Hybrid institutions and resource governance
One of the few uses of the term hybrid institutions in academic literature which relates explicitly to governance is German & Keeler’s discussion of hybridising governance of property regimes. Ostrom’s theory of common pool resource management highlights the value of community-created institutions in the governing of a common resource (communication, rule-making, sanctions, conflict resolution etc.). German & Keeler’s proposal is to extrapolate these successful principles and apply them across “diverse property regimes”, for state-owned, private and communal resources, creating hybrid institutions that combine usually distinct governance regimes. The proposal is that the
combining technical and enforcement capacity of the state, the legal certainty of ownership, and the successful principles of self-organisation may help govern responses where property regimes are contentious or overlap, or where issues exist that do not respect discrete regimes of resource tenure (for example pests, weeds, or watercourse pollution).
This proposal argues for hybridity not between two sectors or organisations, but between previously distinct institutional configurations associated with separate modes of governance:

"[T]he functioning of [these] hybrid institutions depends upon the creative combination of autonomous (market), self-organising (contractual) and state regulatory (hierarchical) approaches to governance”  (emphasis added)

A hybrid future
As outlined previously, hybrid institutions are becoming more prominent amid moves away from traditional government towards modes of governance more appropriate for complex issues. For instance, a great deal of political faith is being placed on hybrid institutions for tackling climate change in the form of carbon markets. Carbon markets are very much hybrid institutions in that they rely on governments to set the “rules for participation”, such as setting the cap or baseline, monitoring, verification and, as seen in the recently announced Australian carbon tax, setting a minimum price for carbon. Only once carbon markets have been “crafted”  by political decisions does the market aspect enter into play. The complexity and hybridity of the institutional set-up of carbon markers will be further increased if proposals to link carbon markets from different regions of the world come to fruition.

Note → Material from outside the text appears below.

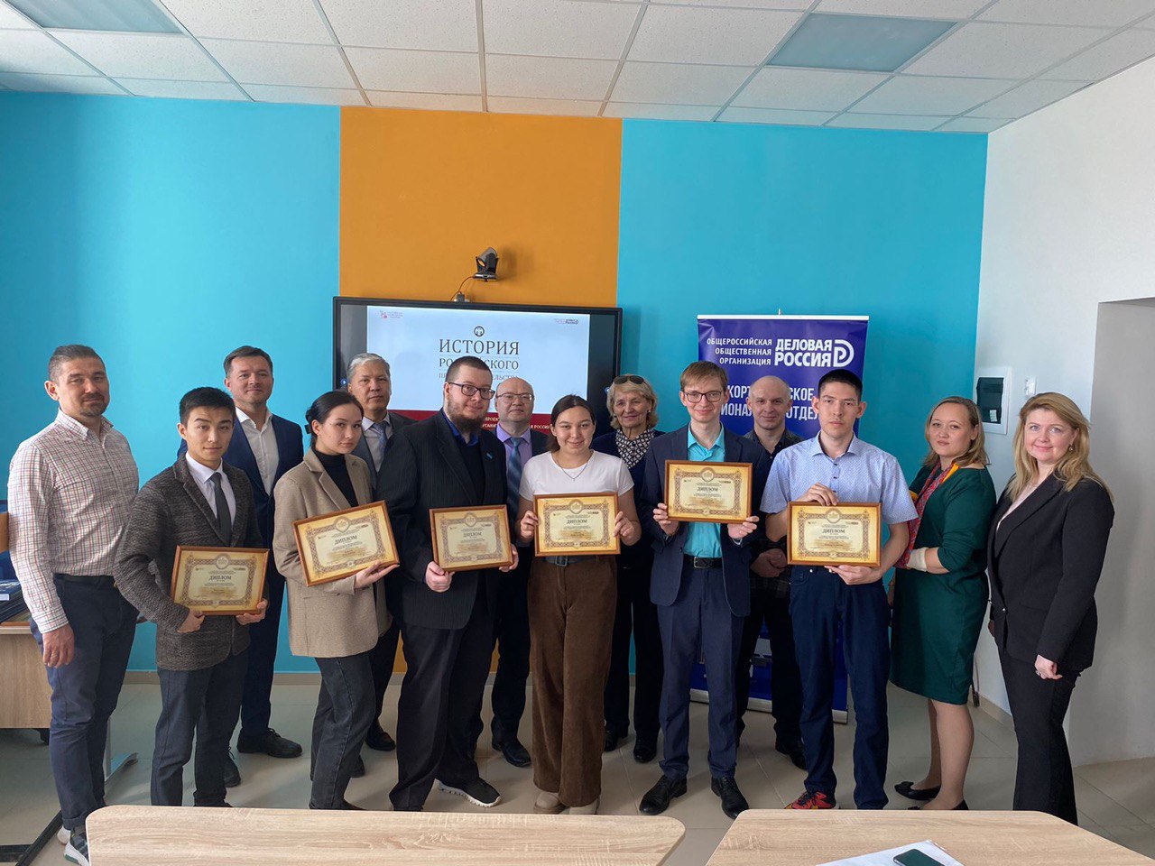 В торжественной обстановке  Айдар Зубаиров и Айдар Галин вручили призерам регионального этапа Олимпиады почетные дипломы и ценные призы, а также благодарственные письма членам оргкомитета и преподавателям вузов за активное участие в организации и проведении регионального этапа Всероссийской Олимпиады по истории российского предпринимательства в Республике Башкортостан. От кафедры Отечественной истории в Оргкомитет Олимпиады вошли И.Н. Баишев и А.И. Кортунов. Все студенты и аспиранты, принявшие участие в Олимпиаде, получили сертификаты участника.

Another proposal concerns the creation of a new, hybrid institution to better manage the overlaps between the UN Climate Regime and the World Trade Organization in areas such as border taxes on environmentally damaging goods, transfer of clean technologies, and trade liberalisation; institutionalising joint consideration of climate change and development. Currently these issues are addressed by the World Trade Organization's Committee on Trade and Environment, however there are questions as to whether this is sufficient. Even the Intergovernmental Panel on Climate Change, which avoids prescriptive policy advice, has questioned whether the Committee on Trade and Environment is “an appropriate forum” for such discussions.

Hybrid institutions then, have the potential to “bring together expertise, [...] and broaden dialogues to overcome negotiation deadlocks”. Legitimacy and accountability of these relatively novel arrangements rests upon establishing the right degree of institutionalisation and balanced hybridity, both of which vary within different contexts.